* **RECORDED INFORMATION**:

▽

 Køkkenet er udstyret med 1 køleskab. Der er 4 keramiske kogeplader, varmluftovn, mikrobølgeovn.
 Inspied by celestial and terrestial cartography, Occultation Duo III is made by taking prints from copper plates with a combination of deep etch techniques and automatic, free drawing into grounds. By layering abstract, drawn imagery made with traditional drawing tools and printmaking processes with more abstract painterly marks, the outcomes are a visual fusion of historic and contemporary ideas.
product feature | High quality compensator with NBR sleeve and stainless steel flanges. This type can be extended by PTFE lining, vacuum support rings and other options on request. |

△
▽

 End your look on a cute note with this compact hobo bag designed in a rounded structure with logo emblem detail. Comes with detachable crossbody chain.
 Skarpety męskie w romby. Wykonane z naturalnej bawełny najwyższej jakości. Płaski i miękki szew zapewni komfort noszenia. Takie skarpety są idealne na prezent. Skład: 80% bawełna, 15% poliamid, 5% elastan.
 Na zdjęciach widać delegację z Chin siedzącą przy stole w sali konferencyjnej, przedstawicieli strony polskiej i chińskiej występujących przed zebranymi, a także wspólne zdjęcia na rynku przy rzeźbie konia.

△
▽

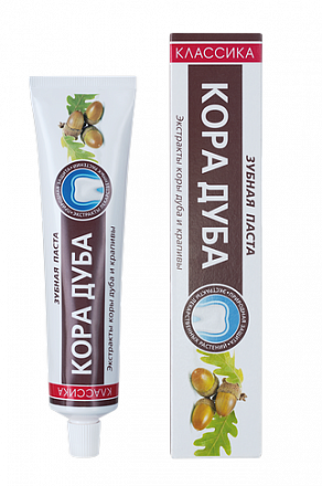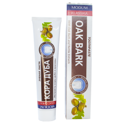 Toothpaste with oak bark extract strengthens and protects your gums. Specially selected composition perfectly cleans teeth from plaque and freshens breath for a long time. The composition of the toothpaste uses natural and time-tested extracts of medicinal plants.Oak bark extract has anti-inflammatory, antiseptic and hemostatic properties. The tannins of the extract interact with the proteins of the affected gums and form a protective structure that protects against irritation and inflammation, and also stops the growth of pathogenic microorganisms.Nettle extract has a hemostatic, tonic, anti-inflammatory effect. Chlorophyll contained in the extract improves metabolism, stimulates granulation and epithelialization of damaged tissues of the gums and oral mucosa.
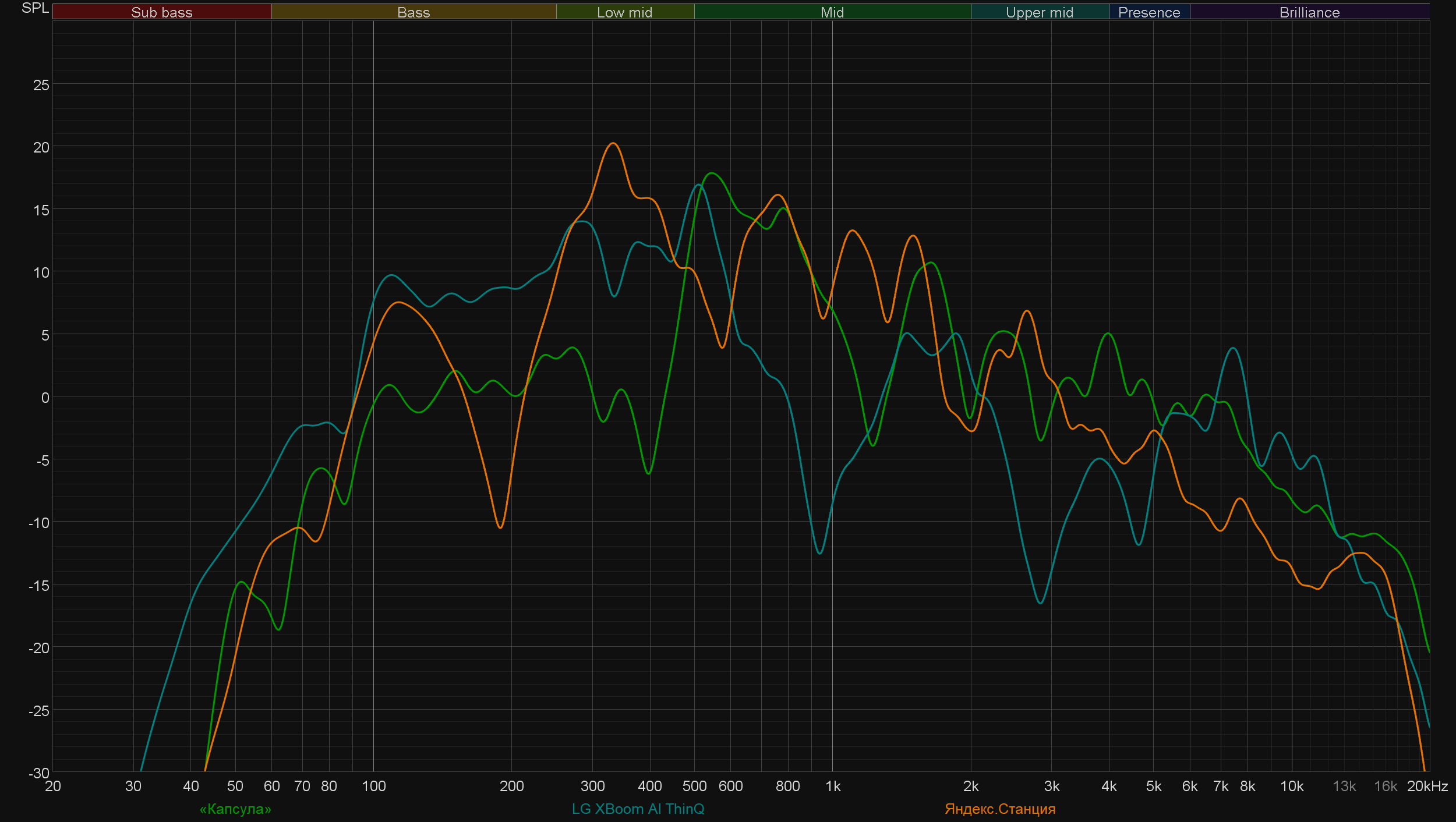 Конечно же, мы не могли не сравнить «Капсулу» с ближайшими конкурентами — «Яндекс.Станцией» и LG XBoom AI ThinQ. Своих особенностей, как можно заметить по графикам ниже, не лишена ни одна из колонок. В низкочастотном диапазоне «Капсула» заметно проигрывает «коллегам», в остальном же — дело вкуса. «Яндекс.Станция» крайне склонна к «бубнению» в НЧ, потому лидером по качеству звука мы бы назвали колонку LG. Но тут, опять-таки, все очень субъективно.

△

Looking at the records above, return exactly the lines from the line with "Køkkenet er udstyret" to the line with "product feature |", both ends included.

* **REPLY TO THE TASK**:
 Køkkenet er udstyret med 1 køleskab. Der er 4 keramiske kogeplader, varmluftovn, mikrobølgeovn.
 Inspied by celestial and terrestial cartography, Occultation Duo III is made by taking prints from copper plates with a combination of deep etch techniques and automatic, free drawing into grounds. By layering abstract, drawn imagery made with traditional drawing tools and printmaking processes with more abstract painterly marks, the outcomes are a visual fusion of historic and contemporary ideas.
product feature | High quality compensator with NBR sleeve and stainless steel flanges. This type can be extended by PTFE lining, vacuum support rings and other options on request. |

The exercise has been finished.